1971-09-01
By Reuters
Script is copyright Reuters Limited. All rights reserved
Background: The monsoon season in Bengal has long been feared by health and relief workers for its effect on refugees from East Pakistan. ??? Camps have been flooded and food supplies cut off. But an unexpected development is the effect it has had on the Mukti Fouj -- the Bangladesh liberation army. The Bangladesh liberation fighters now claim control of large areas of East Bengal. Floods and rainfalls have made the areas almost inaccessible to regular Pakistan troops, leaving them open to the Mukti Fouj.
This film shows the flooded fields and villages almost deserted by the East Pakistan refugees in India; and some of the fifteen villages the Bangladesh liberation army claims to control. One of the regular Pakistan army field posts is shown bombed-out with a Bangladesh flag flying over the nearby village.
SYNOPSIS: The monsoon season in Bengal has added the misery of the Pakistan refugees. The camps were originally built on the only available land - the low-lying land. And this is the first land to be flooded. Most refugees have left the area to set up temporary home on the high-lying roads. But of the 21,000 refugees in this camp 1,000 stayed behind. The river Jelangi used to run by this camp. Now it runs through it.
The Mukti Fouj - the Bangladesh Liberation - claims to control some of the land inside East Pakistan. They bombed this headquarters of the regular Pakistan area and claim control of fifteen villages at the border, in East Pakistan.
Pakistani troops attacked this area three times earlier in the campaign, but the floods and rain secured it for the Bangladesh fighters. During the fighting many of the civilians fled from what was on??? one of the most densely populated areas on earth. Now there are more cattle than people.
Some have stayed behind to save what the is left of the crop, but they are few.

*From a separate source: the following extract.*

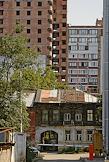 Старый двухэтажный дом на фоне строящейся многоэтажки.
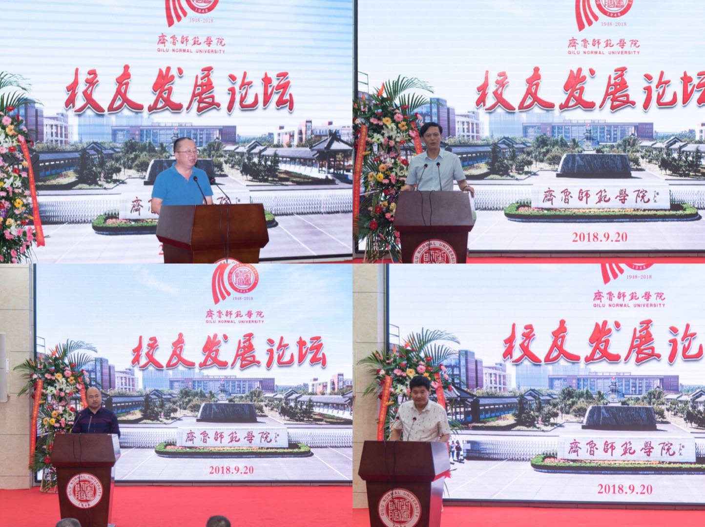 本次论坛以“不忘初心、共话成长”为主题,南京大学文学院教授、博士生导师,金年会官网89级文学院校友张光芒作了以“成功校友成长故事”为主题的报告,分享了自身成长发展历程,感恩母校老师的栽培。山东莘州投资集团有限公司董事长、金年会官网92级思想政治教育专业校友肖陶恩以“沐母校恩情,展齐鲁风采—从母校到莘投”为题,感恩恩师、感恩母校、感恩社会,围绕培养创新思维、注重学生能力培养、注重培养复合型人才等多个方面进行汇报交流。山东德衡律师事务所行政法律事务部主任、金年会官网94级英语专业校友刘桂敏围绕大学生生涯规划与指导的主题谈了职业理想、职业选择、个人发展等方面内容。山东省家用电器行业协会会长、金年会官网98级应用电子技术专业校友田占军以“不忘初心,干事创业,争做新时代模范”为题,勉励同学们树立正确人生观、价值观、择业观,珍惜大学时光,不迷茫,不虚度光阴,吃苦耐劳、精益求精、开拓创新、干事创业,善于创造和抓住机遇,展示自身能力。

The Bangladesh liberation army has its own Red Cross doctors. This one says his one of seven who visit the camps regularly with medicine and vitamins. But the organisation has no transport, or administration....and the army itself in a put-together outfit of volunteers and former regular soldiers wearing a mixture of uniforms and civilian clothing. Arms are in short supply, especially automatic small arms. Most of the arms have been captured from the Pakistan regulars, others belonged to the East Pakistan rifles.
The advances of the Bangladesh Liberation army are due to the monsoon season, an unexpected development. But when the monsoon season ends in Autumn and these trails dry out it could be a different story - it will be more accessible to Pakistani regulars. In the meantime Bangladesh has made a small foothold. 50-pound explosive accounted for this military post. Bangladesh officers claim to have lost three men in this skirmish killing ten. This Chinese automatic submachine gun was captured....now a Bangladesh officer carries it. The area controlled here by the Bangladesh fighters is a 60 mile long corridor, eight to fifteen miles wide. Though the monsoon season has helped these fighters, the civilian refugees have suffered even more. If there is no political settlement by the Autumn and fighting breaks out again, it will be once again the civilian refugees who suffer most.